Wow, that is really unusual coloring. I love it!


----------



## emily (Mar 3, 2011)

I like the nifty looking critters! I think I'm going to leave her name as Cami. It seems to fit her personality as well as her color. 

I"M SO IN LOVE WITH MY GOAT! WHAT'S MY PROBLEM?! I would bring her in my house if I could and let her sleep in my room! Anyone ever have house goats?

I wish I had a picture of another kid that was at the farm where I got Cami.  She was brown with polka dots--literally polka dots. Of all colors. Black, tan, gray. She was covered in multi colored spots! She was the coolest looking goat I have ever seen. But the owner was retaining her for obvious reasons


----------



## poorboys (Mar 3, 2011)

VERY PRETTY COLOR!! WATCH OUT YOU'LL TURN INTO AN ADDICT


----------



## SDGsoap&dairy (Mar 3, 2011)

emily said:
			
		

> Here's a couple more of her. I think she's gorgeous but I'm a little biased


You may be biased, but your girl's color is ridiculously beautiful!  I like Cami.


----------



## emily (Mar 3, 2011)

n.smithurmond said:
			
		

> emily said:
> 
> 
> 
> ...


Why thank you! The person I got her from said she would probably lighten up a little...We shall see. I think she'll always be cool looking though!


----------



## SDGsoap&dairy (Mar 3, 2011)

Yeah, that color will change.  But I'll bet she just gets prettier!


----------



## barredcountrycoop (Mar 3, 2011)

beautiful. congrats and enjoy


----------



## PattySh (Mar 3, 2011)

She's a beautiful girl.


----------



## Lady Jane (Mar 4, 2011)

Wow! She is really gorgeous!


----------



## freemotion (Mar 4, 2011)

emily said:
			
		

> I"M SO IN LOVE WITH MY GOAT! WHAT'S MY PROBLEM?! I would bring her in my house if I could and let her sleep in my room! Anyone ever have house goats?

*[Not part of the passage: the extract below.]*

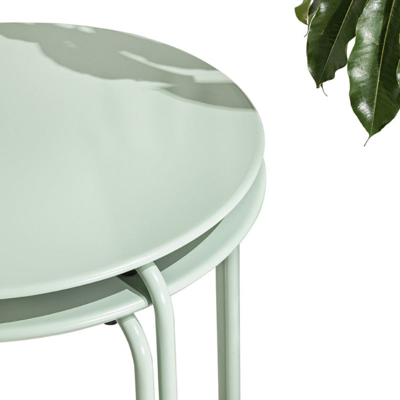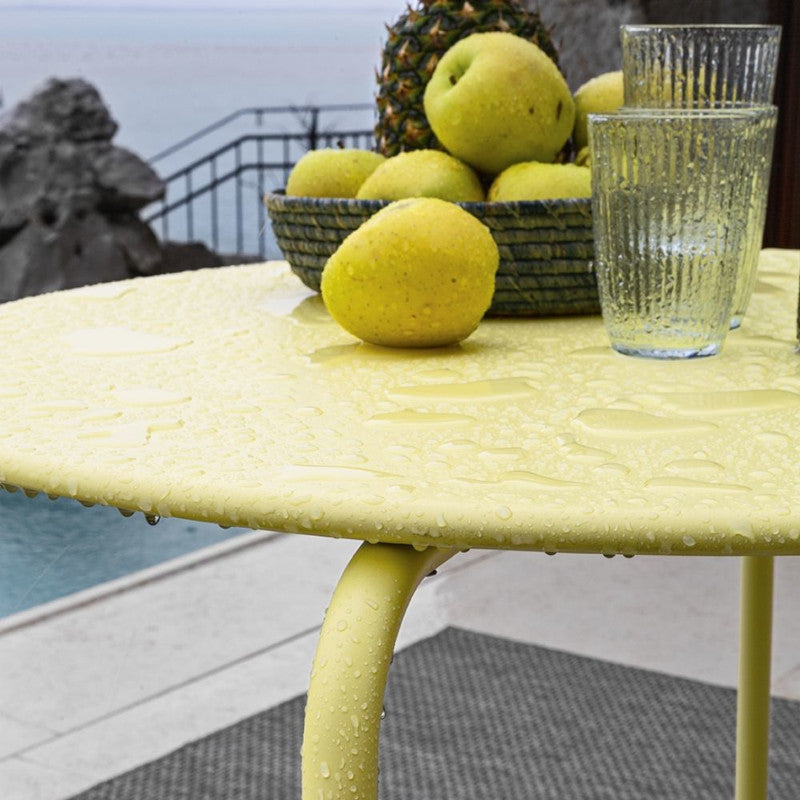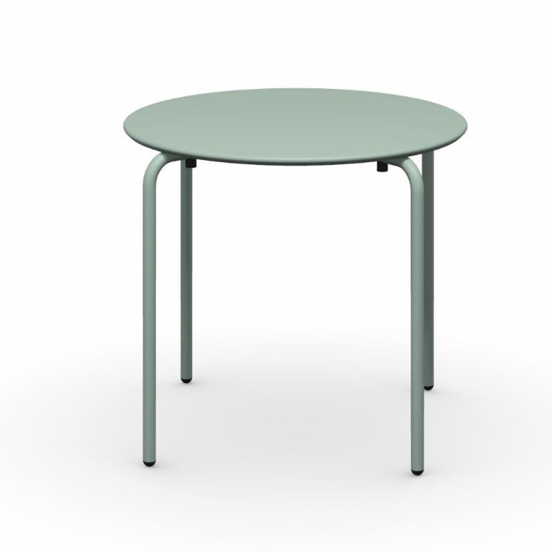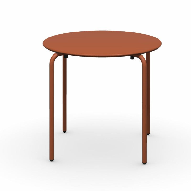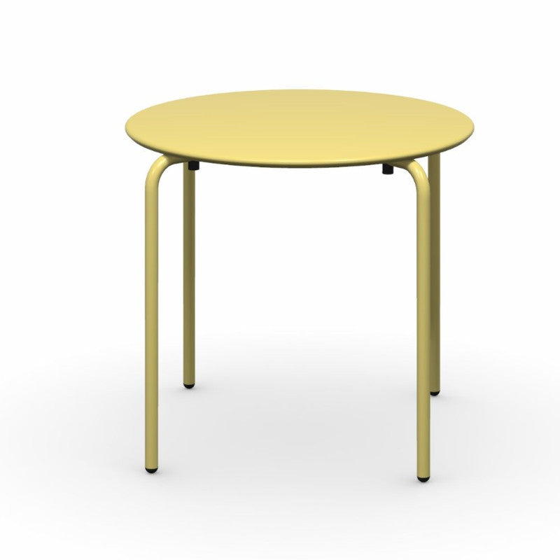 Tavolo impilabile in metallo trattato per uso esterno, disponile in più colorazioni.

Um......yes, but only for a few days.  A baby stayed in my livingroom for a few days and came out of her crate wearing a diaper with suspenders to keep it on.  I wanted to bring her to bed with us buy mean dh vetoed that. :/

She's all grown up and pregnant now and I still want to bring her in and snuggle her!  Goats have a way of doing that to you.


----------



## helmstead (Mar 5, 2011)

emily said:
			
		

> I"M SO IN LOVE WITH MY GOAT! WHAT'S MY PROBLEM?! I would bring her in my house if I could and let her sleep in my room! Anyone ever have house goats?


My MEAN husband took my photo a couple years ago with our precious baby Butterfly, a lonely bottle baby.  We were both fast asleep, in the bed, under the covers, her little head on my pillow.    He then proceeded to post it on FaceBook!!  

So,  yuh...we've had house goats.


----------



## terrilhb (Mar 5, 2011)

She is gorgeous. And I love the name.


----------



## Dani-1995 (Mar 6, 2011)

Aww what  cutie! She makes me want my boer wethers even worse (if thats possible). I absolutley love the markings!


----------